The Habitual Residence Condition (HRC) requires a proven close link to Ireland and must be satisfied for any application for a social welfare payment to succeed. It has been viewed as a safeguard against so-called 'welfare tourism' and statutorily-appointed Deciding Officers or Determining Officers rule on each case.
The study, called 'Understanding how decision-makers practice discretion in the context of the Habitual Residence Condition (HRC) in the Republic of Ireland' by Majka Monika Ryan and Martin Power, involved interviews with 12 men and 11 women who had worked in the public service for between six months to 28 years. Ten had worked in the Department of Social Protection for more than 20 years.
According to the study: "Our participants indicated that a majority of disallowed cases are appealed.
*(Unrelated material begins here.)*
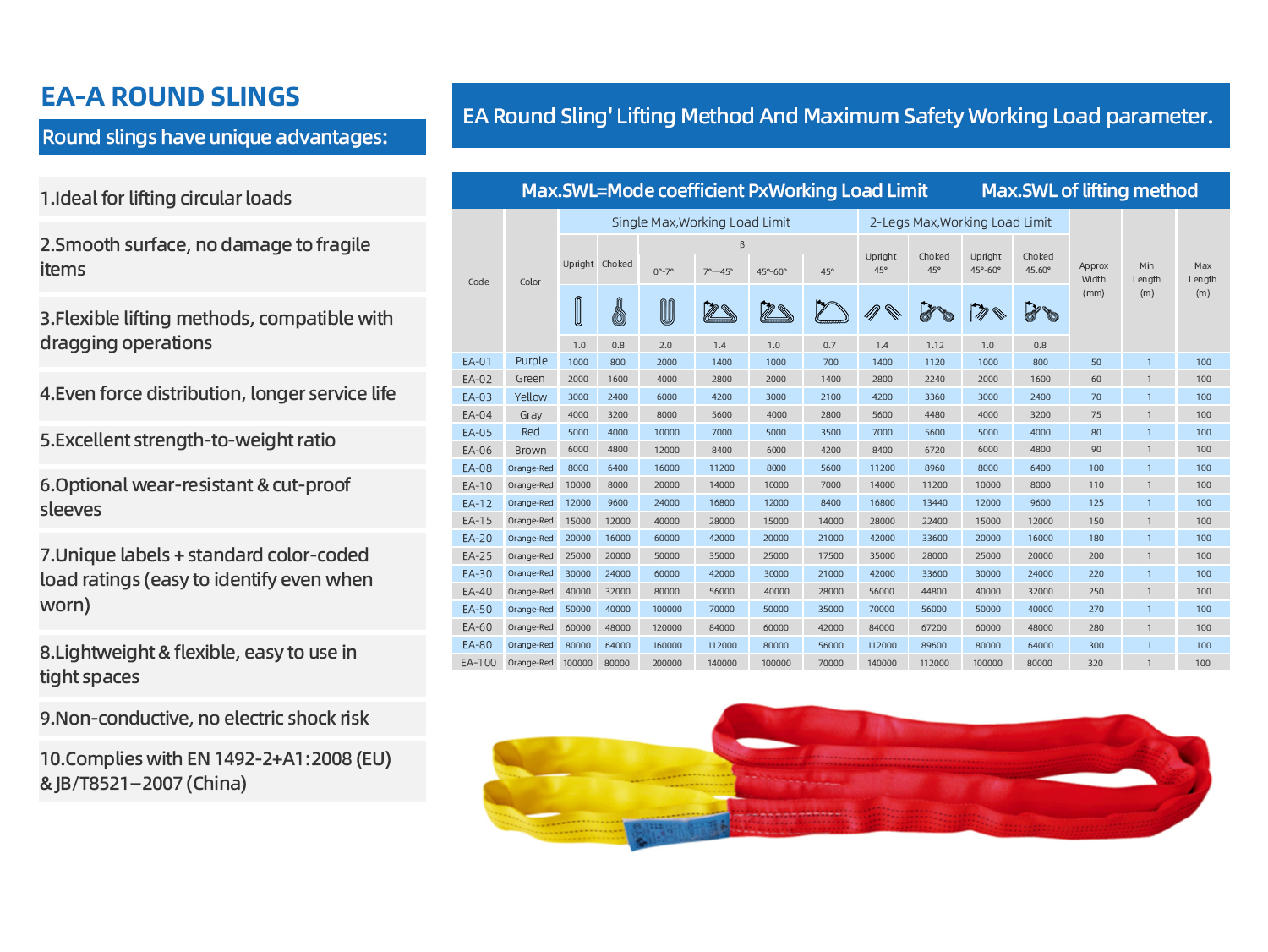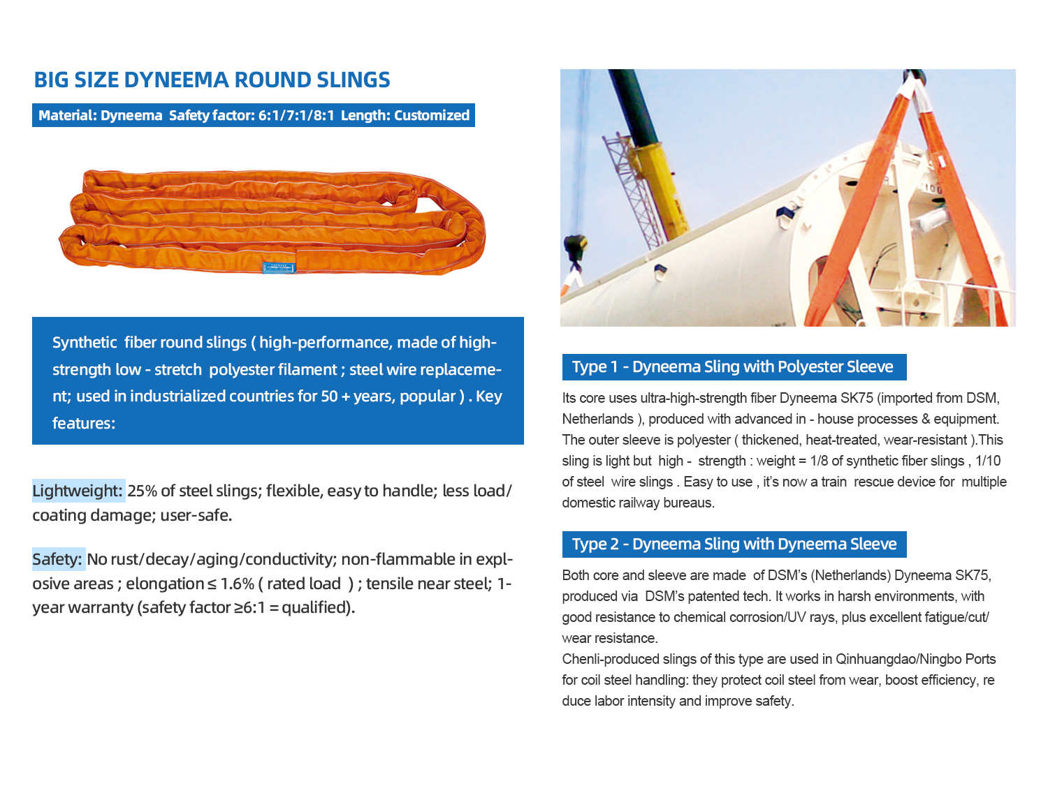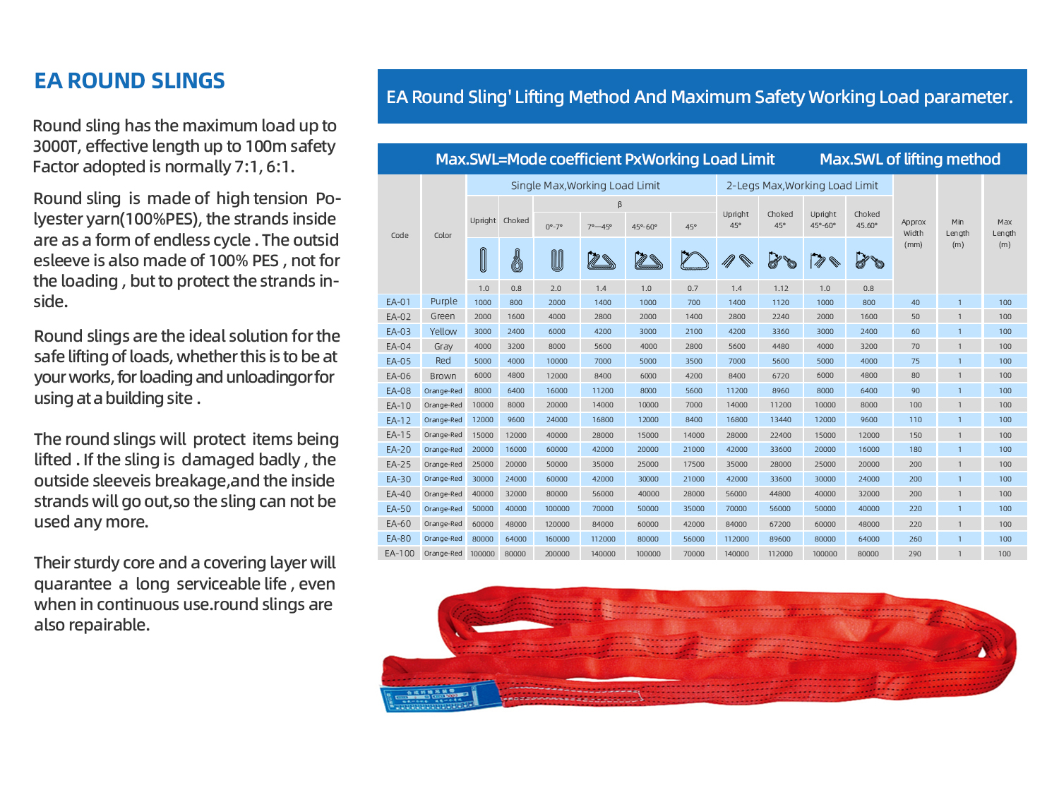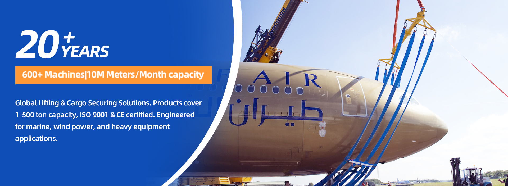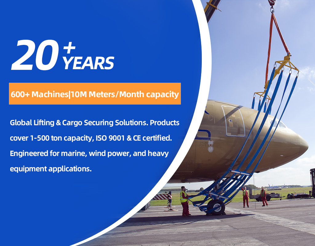 Through years of development, we have established an integrated supply chain—from raw materials to testing equipment—to ensure the quality of heavy‑capacity slings. Our product range includes round slings from 20 to 3,000 tons and flat slings from 20 to 50 tons.
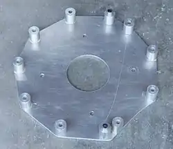 The adapter plate provides the union between the electric motor and the transmission. Some installations such as for the Volkswagen Beetle and similar use such a simple machined adapter that it is easily obtained at low cost from a commercial supplier. Adapters for more complex or less popular vehicles may be quite expensive. It is possible for the builder to construct such a plate using simple tools as outlined below, but a great precision in layout and fabrication is required. For this reason most converters purchase an adapter plate and coupling as a package from a specialty converter or have the plate fabricated by a professional machinist. If a flat plate is used, some means of properly spacing it must be employed, typically by using hollow tubular or billet stand-offs. More common will be the use of a stack of flat plates, forming an adaption between the large diameter of the flywheel and the smaller diameter of the motor, with interior volume to accommodate any projection of the flywheel forward of the face of the transmission (or bell housing if a separate unit is used).

While such scrutiny increases accountability and motivates decision-makers to thoroughly examine potential disallowances; it may also have a negative impact on them.
"The lack of confidence and the resulting uncertainty has a direct impact on decision-makers' performance at work. It leads to over-analysis of cases (mostly those that are potentially thought of as disallowances) which takes a long time and results in a backlog of cases."
Others said their role was about protecting the public purse and distinguishing between deserving and undeserving clients. One deciding officer said: "A lot of people abuse the system there is no doubt about that."
One appeals officer said if the Department wants to save money "suddenly that’s a goal. And if that’s a goal it can affect the decision. And that can affect the culture".